MONEY matters

Mark Zaifman's thoughts on money, global economic trends and politics

Plan For Retirement Before, Not After You Retire

Mark Zaifman   |    Thu, Sep 06, 2018 @ 12:28 PM


According to the AARP, 10,000 baby boomers are turning 65 every single day, and this is expected to continue into the 2030s. This means that nearly seven baby boomers are turning 65 every minute.”

If you’re a few years away from retirement, the day will soon come, when after a lifetime of squirreling away money and delaying gratification, the ‘distribution phase’ of your financial life will begin.

Failing to plan for this phase of your life could result in you worrying more about your money as a retiree than you did when you were in the work force, and that’s not how it should be.

If you’re still earning a paycheck, talking about the ‘distribution phase’ of your financial life, also known as ‘withdrawing from your savings’, is purely theoretical. Going from theory to actual application, now that’s a world of difference.

When you’re working and doing a relatively ‘good job’, you get a paycheck. Usually, that feels like a dynamic that you can control. The ups and downs of the financial markets tend not to bother you as much because you believe pretty strongly that you can probably keep the paychecks coming.

In retirement, economic, political and financial market gyrations can cause a lot of anxiety and other unknowns can be just as puzzling. Which accounts do I pull from first? How long will I live? Will my pension stay solvent? Will Social Security be altered? Will I need significant health care or long-term care? Will a family member need some financial help?

Retirement can be low stress, but it takes planning, perspective and a different skill set from what is required leading up to retirement.

Over the years, I’ve found that the best way for clients to take seriously the task of retirement planning is to have them imagine taking a year long trip around the world. Think about how much planning would go into a venture like this? How many details would need sorting and all the decisions, large and small, that would need to be made?

Now imagine taking what could be a journey for many decades, your retirement years. Are you going to wing it and figure it out as you go along or are you going to plan ahead? The truth is, most people will spend more time planning a short vacation trip than they will their retirement. That’s the wrong approach and will often lead to an epic crash landing in your retirement years.

Plan for Success

There’s one strategy that will vastly increase your odds of success in retirement and that strategy is focused on one thing and one thing only - developing a comprehensive financial plan before you retire, not after. Sounds simple enough, right? Not the case for the vast majority of people that will soon retire.
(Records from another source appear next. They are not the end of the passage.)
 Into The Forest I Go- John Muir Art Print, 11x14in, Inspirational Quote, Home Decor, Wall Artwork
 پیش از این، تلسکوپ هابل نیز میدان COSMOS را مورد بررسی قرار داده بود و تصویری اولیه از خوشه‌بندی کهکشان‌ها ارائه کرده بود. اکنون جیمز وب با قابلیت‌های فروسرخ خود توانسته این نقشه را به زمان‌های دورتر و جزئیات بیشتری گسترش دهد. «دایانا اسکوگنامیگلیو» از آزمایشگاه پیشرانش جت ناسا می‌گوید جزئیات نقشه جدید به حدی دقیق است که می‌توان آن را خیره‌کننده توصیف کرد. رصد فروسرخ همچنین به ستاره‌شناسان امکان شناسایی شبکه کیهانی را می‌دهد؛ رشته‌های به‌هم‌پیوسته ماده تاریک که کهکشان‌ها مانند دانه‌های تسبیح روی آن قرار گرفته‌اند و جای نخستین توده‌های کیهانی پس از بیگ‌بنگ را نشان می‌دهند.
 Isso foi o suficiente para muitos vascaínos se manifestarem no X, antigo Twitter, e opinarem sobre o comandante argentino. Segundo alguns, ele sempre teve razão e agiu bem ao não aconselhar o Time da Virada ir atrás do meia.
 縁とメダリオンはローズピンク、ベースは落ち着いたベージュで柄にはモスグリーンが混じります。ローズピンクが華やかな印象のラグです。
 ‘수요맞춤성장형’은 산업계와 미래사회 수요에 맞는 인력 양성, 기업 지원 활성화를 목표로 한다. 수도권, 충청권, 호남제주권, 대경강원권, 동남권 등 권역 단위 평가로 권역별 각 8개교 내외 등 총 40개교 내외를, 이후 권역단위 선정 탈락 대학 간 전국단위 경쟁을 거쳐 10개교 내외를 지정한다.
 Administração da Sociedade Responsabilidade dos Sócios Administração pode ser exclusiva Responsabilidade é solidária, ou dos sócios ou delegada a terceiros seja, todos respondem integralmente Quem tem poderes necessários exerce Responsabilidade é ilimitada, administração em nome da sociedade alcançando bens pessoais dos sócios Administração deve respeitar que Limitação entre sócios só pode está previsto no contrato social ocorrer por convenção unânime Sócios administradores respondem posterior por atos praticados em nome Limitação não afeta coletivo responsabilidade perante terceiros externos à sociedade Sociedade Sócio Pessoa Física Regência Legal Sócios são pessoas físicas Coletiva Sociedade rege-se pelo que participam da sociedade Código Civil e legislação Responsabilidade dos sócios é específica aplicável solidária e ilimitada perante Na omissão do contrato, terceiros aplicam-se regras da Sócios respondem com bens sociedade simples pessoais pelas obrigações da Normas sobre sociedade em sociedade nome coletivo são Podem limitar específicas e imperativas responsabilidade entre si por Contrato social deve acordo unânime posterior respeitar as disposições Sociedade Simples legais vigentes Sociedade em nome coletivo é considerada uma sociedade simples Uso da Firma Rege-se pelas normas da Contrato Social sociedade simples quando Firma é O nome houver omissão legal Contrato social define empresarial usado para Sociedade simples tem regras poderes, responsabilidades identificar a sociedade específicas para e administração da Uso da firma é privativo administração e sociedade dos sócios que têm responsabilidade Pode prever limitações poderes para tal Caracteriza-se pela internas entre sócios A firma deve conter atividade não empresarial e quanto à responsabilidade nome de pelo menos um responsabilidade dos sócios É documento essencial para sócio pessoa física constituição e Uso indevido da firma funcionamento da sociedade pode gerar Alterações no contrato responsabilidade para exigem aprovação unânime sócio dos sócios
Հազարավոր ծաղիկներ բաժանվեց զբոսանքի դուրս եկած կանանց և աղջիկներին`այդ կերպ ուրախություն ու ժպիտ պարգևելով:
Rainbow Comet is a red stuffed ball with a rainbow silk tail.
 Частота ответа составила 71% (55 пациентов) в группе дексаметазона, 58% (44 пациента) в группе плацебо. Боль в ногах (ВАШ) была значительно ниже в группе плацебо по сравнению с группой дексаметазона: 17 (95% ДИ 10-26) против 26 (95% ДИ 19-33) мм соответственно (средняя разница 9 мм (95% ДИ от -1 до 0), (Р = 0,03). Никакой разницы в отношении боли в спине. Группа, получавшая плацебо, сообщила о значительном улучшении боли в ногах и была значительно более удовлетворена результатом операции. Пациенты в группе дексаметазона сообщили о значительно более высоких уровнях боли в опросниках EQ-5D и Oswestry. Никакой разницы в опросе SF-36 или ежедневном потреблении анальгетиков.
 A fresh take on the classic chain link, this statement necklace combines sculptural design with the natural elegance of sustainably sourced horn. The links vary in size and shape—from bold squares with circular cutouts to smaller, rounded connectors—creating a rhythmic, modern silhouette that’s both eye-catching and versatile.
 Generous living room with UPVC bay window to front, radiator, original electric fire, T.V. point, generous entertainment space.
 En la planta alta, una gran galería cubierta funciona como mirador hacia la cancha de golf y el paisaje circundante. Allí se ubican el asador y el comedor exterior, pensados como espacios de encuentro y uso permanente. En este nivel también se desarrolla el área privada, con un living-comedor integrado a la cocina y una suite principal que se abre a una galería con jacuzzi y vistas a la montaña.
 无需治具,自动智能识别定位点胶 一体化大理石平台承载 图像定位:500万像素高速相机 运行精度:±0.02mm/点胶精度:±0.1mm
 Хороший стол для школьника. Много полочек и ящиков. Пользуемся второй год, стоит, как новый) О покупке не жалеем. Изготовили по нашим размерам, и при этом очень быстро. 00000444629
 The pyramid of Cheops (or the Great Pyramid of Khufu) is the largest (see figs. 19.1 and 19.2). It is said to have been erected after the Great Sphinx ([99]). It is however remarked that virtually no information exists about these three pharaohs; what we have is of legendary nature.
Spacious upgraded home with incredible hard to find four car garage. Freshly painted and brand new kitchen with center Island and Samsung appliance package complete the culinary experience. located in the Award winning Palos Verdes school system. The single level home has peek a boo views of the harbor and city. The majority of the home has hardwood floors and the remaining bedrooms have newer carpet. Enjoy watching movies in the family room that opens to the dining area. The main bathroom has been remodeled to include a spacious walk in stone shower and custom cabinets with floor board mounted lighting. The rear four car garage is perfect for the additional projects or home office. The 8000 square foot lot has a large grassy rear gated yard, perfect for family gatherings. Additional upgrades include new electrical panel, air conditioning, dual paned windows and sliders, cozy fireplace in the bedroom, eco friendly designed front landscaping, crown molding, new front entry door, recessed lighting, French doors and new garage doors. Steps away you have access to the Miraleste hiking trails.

You can tell yourself all you want how this will be the first item to handle on your to-do list once you retire. Yet what I’ve noticed over the years is that inertia tends to kick in, and this project feels too much like work. It gets delayed and delayed and here’s what tends to happen next.

The stock market takes a nose dive, say 6 months or a year into your retirement. You panic, sell your stock investments at a huge loss and put a major dent into your financial future.

Yet, here’s what tends to happen to clients with a well-designed and nimble financial plan for their retirement years. They do not panic. After years of conversations and many episodes of markets heading south, they look at the latest downturn as a “buying opportunity”.

Again, they don't panic, but if they are a little nervous, they make a phone call and the very first thing we do is go over their financial plan, specifically their cash flow. Sometimes this is just for reassurance, other times it’s to make any needed changes based on what’s happening. With high confidence in their future, they do not abandon sound long-term financial plans that were specifically designed to overcome short-term issues.

The bottom line is this - I have found that working through a good and solid financial planning process shifts the focus on how to be more resilient and away from requiring good guesses about what will happen next.